Fig. 4 is a graph of a weld after the completion of the welding using the optimized welding method of the present embodiment (welding parameters: amplitude set to 100%, dwell time 0.2s, delay time 0.5s, energy 100 j), and it can be seen from the graph that the welded portion is smooth, burr-free, and the capsule welding top is free from abrasion.

Fig. 5 shows the welding result when the delay time is set to 0.3s (other parameters are the same as above), and it can be seen from the figure that there is a significant gap at the welding position of the capsule, indicating that the welding effect is poor.

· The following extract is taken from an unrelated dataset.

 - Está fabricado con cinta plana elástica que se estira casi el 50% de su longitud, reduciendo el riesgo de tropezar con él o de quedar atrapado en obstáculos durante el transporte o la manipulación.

Fig. 6 shows the welding result when the delay time is set to 0.7s (other parameters are the same as above), and it can be seen from the figure that the welding position of the capsule has no obvious gap, but the top of the capsule has obvious abrasion, so that the operation of the devices in the capsule is affected, and the welding effect is obviously poor.

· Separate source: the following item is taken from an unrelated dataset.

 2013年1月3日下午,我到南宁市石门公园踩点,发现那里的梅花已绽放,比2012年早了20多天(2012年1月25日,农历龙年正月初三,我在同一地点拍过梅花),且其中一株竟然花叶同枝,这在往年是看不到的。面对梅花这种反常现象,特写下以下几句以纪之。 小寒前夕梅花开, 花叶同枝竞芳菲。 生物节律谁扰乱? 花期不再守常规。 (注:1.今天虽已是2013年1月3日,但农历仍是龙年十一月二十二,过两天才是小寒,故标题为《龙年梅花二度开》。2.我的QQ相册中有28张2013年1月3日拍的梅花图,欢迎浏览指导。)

The above embodiments are only exemplary embodiments of the present invention and are not intended to limit the present invention, the scope of which is defined by the claims. Various modifications and equivalent arrangements of this invention will occur to those skilled in the art, and are intended to be within the spirit and scope of the invention.

Claims (8)

1. A capsule welding device, characterized in that the capsule welding device comprises an ultrasonic welding head for capsule welding and an ultrasonic welding base;

the ultrasonic welding head comprises a first section, a second section and a third section; the first section is cylindrical and is arranged for connection to a transducer; the second section is positioned between the first section and the third section, the second section is connected with the first section through a first connecting part, and the second section is connected with the third section through a second connecting part; the third section is cylindrical, and a first groove is formed in the end face of the third section; the cross section of the second section is circular, the diameter of the first connecting part is equal to the diameter of the first section, and the diameter of the second connecting part is equal to the diameter of the third section; the cross section diameter of the second section from the first connecting part to the second connecting part is gradually reduced, and the curve forming the curved surface of the second section is formed by two sections of elliptical arcs with unequal long-axis radiuses; the length ratio of the first segment, the second segment and the third segment is 2:1:1;

The surface of the base is provided with a second groove, and when the second groove is in butt joint with the first groove, the second groove and the first groove form a cavity for accommodating a capsule to be welded together;

when the capsule to be welded is placed in the cavity, the outer wall of the capsule to be welded is closely attached to the inner wall of the cavity.

2. The capsule welding apparatus of claim 1, wherein the first groove depth is equal to or greater than one half of a length of the capsule to be welded.

3. The capsule welding apparatus of claim 1, wherein a diameter of the first segment is greater than a diameter of the third segment.

4. The capsule welding apparatus of claim 1, wherein the capsule is a vibrating capsule.

5. A capsule welding method, characterized in that the method uses the capsule welding apparatus according to any one of claims 1 to 4, and the method comprises the steps of:

(1) Providing a capsule to be welded and placing the capsule into the second groove on the surface of the base;

(2) Moving the ultrasonic welding head downwards to enable the first groove to be in butt joint with the second groove, and then performing ultrasonic welding on the capsule;

(3) After welding is completed, separating the ultrasonic welding head and the base; the welded capsule is then removed.

6. The method of claim 5, wherein in the step (2), the delay time is set to 0.4s to 0.6s during the ultrasonic welding.

7. The method of claim 5, wherein in step (2), the amplitude is set to 95% -100% of the maximum amplitude during ultrasonic welding.

8. The method of claim 5, wherein in the step (2), the dwell time is set to 0.15s to 0.25s during the ultrasonic welding.